§ **WHAT THE EXERCISE ASKS**:
The full listing, minus its pictures, should be printed again exactly as it stands.

§ **AVAILABLE DATA**:
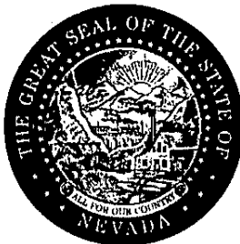
ROSS MILLER Secretary of State

Electronic Certificate Certificate Number: C20070328-3060 You may verify this electronic certificate online at http://secretaryofstate.biz/
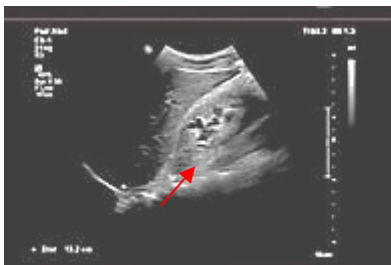
Figure 3. Ultrasounds of the right kidney in the presented patient at the age of 14. Note moderately dilated and slightly deformed pelvicalyceal system (calyces' width up to 9 mm, AP pelvis size 18 mm) – arrows

At the age of 11 renal US showed right kidney pelvis dilation (AP 22mm) and micro-deposits in the bladder. Consequently, the assessment of metabolic risk factors of urolithiasis was performed and revealed hypercalciuria (4,61mg/kg/24hours) without any other abnormalities. Family history for urolithiasis was positive (mother and grandmother on the mother side). Preventive fluid and dietary therapies were introduced. In subsequent US pelvicalyceal system of the right kidney was enlarged and deformed without visible concerns neither in the kidneys nor in the bladder (Fig. 3).

§ **TASK RESULT**:
ROSS MILLER Secretary of State

Electronic Certificate Certificate Number: C20070328-3060 You may verify this electronic certificate online at http://secretaryofstate.biz/
Figure 3. Ultrasounds of the right kidney in the presented patient at the age of 14. Note moderately dilated and slightly deformed pelvicalyceal system (calyces' width up to 9 mm, AP pelvis size 18 mm) – arrows

At the age of 11 renal US showed right kidney pelvis dilation (AP 22mm) and micro-deposits in the bladder. Consequently, the assessment of metabolic risk factors of urolithiasis was performed and revealed hypercalciuria (4,61mg/kg/24hours) without any other abnormalities. Family history for urolithiasis was positive (mother and grandmother on the mother side). Preventive fluid and dietary therapies were introduced. In subsequent US pelvicalyceal system of the right kidney was enlarged and deformed without visible concerns neither in the kidneys nor in the bladder (Fig. 3).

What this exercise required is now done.